** RECORDS FOR THE EXERCISE follows **

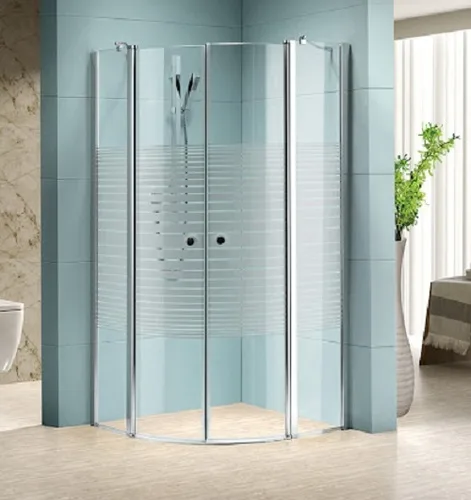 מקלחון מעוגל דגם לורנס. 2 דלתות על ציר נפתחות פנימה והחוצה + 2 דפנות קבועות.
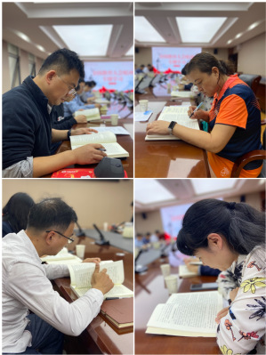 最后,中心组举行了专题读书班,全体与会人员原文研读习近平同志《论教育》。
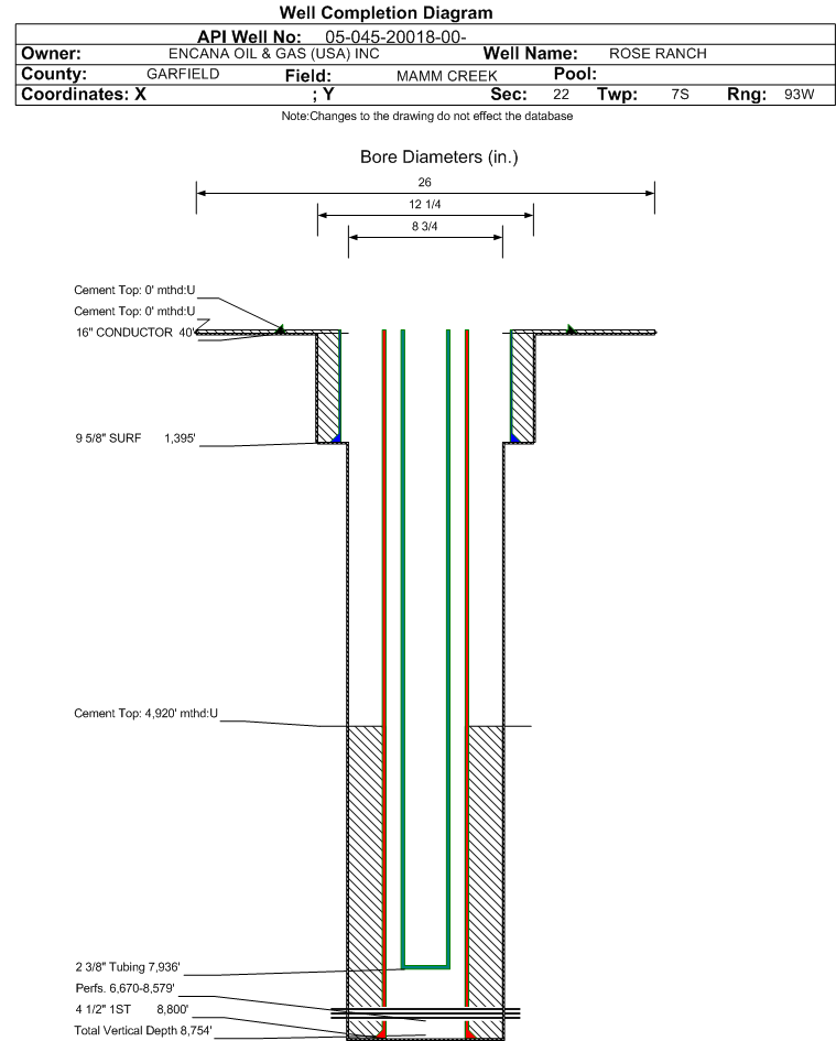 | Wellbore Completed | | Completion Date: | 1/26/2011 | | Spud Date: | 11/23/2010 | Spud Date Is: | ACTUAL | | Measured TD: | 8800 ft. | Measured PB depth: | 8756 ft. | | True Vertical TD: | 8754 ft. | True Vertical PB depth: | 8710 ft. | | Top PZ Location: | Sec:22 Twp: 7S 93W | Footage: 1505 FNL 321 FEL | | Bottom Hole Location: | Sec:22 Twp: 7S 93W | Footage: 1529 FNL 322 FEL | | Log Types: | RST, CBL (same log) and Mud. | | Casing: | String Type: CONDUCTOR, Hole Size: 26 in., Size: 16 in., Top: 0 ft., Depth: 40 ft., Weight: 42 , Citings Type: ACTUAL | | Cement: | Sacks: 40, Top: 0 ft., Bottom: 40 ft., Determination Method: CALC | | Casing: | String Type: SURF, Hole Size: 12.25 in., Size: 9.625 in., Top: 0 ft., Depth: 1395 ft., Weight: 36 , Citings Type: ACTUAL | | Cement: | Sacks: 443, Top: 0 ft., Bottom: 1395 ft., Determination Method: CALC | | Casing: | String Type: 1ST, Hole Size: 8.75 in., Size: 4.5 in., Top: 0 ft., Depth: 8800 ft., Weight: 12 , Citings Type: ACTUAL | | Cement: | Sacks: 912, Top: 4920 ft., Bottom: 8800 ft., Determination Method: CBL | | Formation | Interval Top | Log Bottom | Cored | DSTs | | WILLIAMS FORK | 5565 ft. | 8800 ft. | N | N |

** End of RECORDS FOR THE EXERCISE **
** RECORDS FOR THE EXERCISE follows **

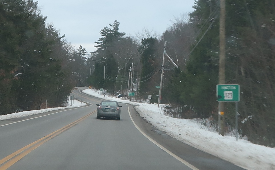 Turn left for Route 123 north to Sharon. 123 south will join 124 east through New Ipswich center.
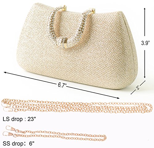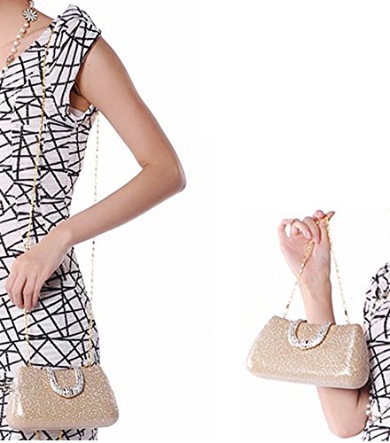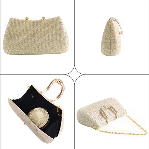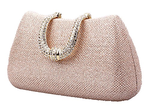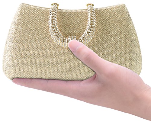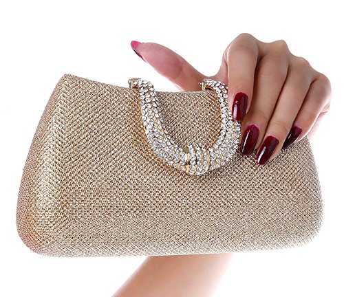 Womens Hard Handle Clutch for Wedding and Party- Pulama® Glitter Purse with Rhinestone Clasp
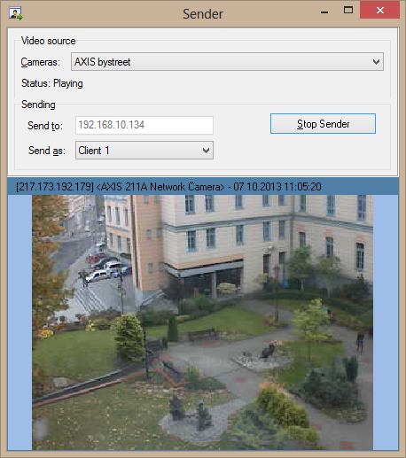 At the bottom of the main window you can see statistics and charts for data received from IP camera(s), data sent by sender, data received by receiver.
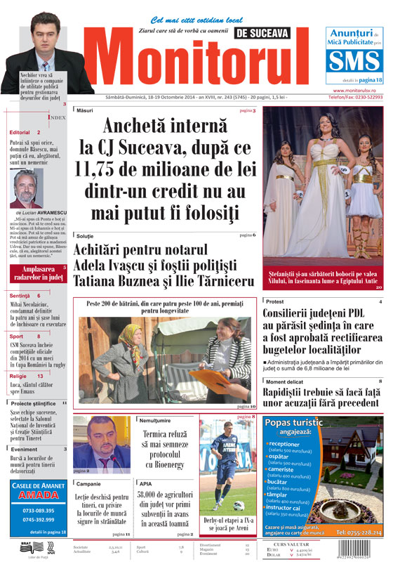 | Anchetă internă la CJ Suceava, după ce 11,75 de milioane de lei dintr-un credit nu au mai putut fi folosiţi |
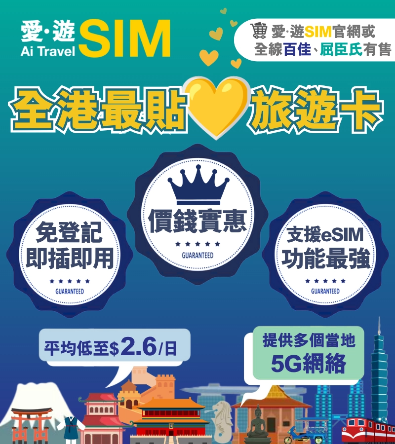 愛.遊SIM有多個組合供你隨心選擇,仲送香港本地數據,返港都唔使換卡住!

** End of RECORDS FOR THE EXERCISE **

● YOUR ASSIGNMENT: Copy the lines above exactly, starting with the line that contains "Womens Hard Handle" and ending with the line that contains "愛.遊SIM有多個組合供你隨心選擇,仲送香港本地數據,返港都唔使換卡住!", and leave out any pictures.

● SOLUTION TO THIS TASK:
 Womens Hard Handle Clutch for Wedding and Party- Pulama® Glitter Purse with Rhinestone Clasp
 At the bottom of the main window you can see statistics and charts for data received from IP camera(s), data sent by sender, data received by receiver.
 | Anchetă internă la CJ Suceava, după ce 11,75 de milioane de lei dintr-un credit nu au mai putut fi folosiţi |
 愛.遊SIM有多個組合供你隨心選擇,仲送香港本地數據,返港都唔使換卡住!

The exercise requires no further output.